After a single intravenous administration of 0.03, 0.1, and 0.3 mg/kg to tachycardia-induced beagles, YM758 plasma concentrations rapidly decrease with t1/2 values of 1.62, 4.93, and 1.63 h, respectively. At the corresponding doses, the CLtot values amount to 1.71, 1.69, and 1.48 L/h/kg, and Vdss values are 3.19, 5.78, and 2.94 L/kg, respectively. Because the plasma concentration 24 h after administration is quantified only in the 0.1 mg/kg dosing group, the larger values of t1/2 and Vdss are obtained compared with those in other dosing groups. The PK profile of YM758 in tachycardia-induced dogs appeares to be linear within the dose range of 0.03 to 0.3 mg/kg. The CLtot of YM758 in the blood basis (CLb,dog) is estimated to be 1.47 to 1.69 L/h/kg[2]. The radioactivity in the rat eyeballs after dosing 14C-YM758 is extracted with a mixture of 2 mol/L hydrochloric acid and Methanol (5:95, v/v); the radioactivity recovery is 97.1% at 4 h and 67.1% at 24 h. The HPLC recovery of radioactivity from the extracted samples is 90.6 and 100.6% at 4 and 24 h, respectively. In the eyeball at 4 h after administration, YM758 (the unchanged drug) is the main compound detected (66.7%), and the metabolites YM-252124 (14.5%), YM-394111 (2.4%), and YM-234903 (1.8%) are also observed[3].

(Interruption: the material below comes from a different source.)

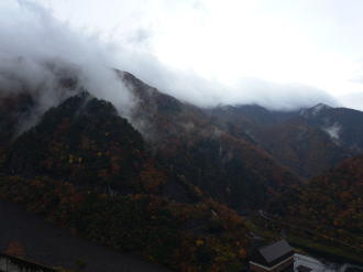 今年最後の三連休も終わり、今日から年末のお休みまでお仕事モードが続く。今週は、最終週の恒例の遠方出張の予定。まず、今日は北陸出張のために、6時半に出発。曇り空だったが、最初の営業目的地に着くころから雨が降ってきた。お昼には本降りで、とっても寒かった。岐阜市でも、今日の最高気温が12.2度だったそうだ。陽射しはなく冷たい雨となった。まだ明るいうちに帰路につくことができ、徳山ダムに道草した。ここでは、まだ雨が強く降っていたが。山にガスがかかり綺麗だったのでカメラを向けた。ここから下り坂を走って揖斐川町の市街地に着くころには、青空も見えて雨はやんでいた。

[1]. Umehara K, et al. Hepatic uptake and excretion of (-)-N-{2-[(R)-3-(6,7-dimethoxy-1,2,3,4-tetrahydroisoquinoline-2-carbonyl)piperidino]ethyl}-4-fluorobenzamide (YM758), a novel if channel inhibitor, in rats and humans. Drug Metab Dispos. 2008 Jun;36(6):1030-8. [2]. Umehara K, et al. Relationship between exposure of (-)-N-{2-[(R)-3-(6,7-dimethoxy-1,2,3,4-tetrahydroisoquinoline-2-carbonyl)piperidino]ethyl}-4-fluorobenzamide (YM758), a "funny" if current channel inhibitor, and heart rate reduction in tachycardia-induced beagle dogs. Drug Metab Dispos. 2009 Jul;37(7):1427-33. [3]. Umehara K, et al. Investigation of long-term retention of unchanged (-)-N-{2-[(R)-3-(6,7-dimethoxy-1,2,3,4-tetrahydroisoquinoline-2-carbonyl)piperidino]ethyl}-4-fluorobenzamide, a novel "funny" If current channel inhibitor, and its metabolites in the eyeball and thoracic aorta of rats. Drug Metab Dispos. 2009 Nov;37(11):2137-44.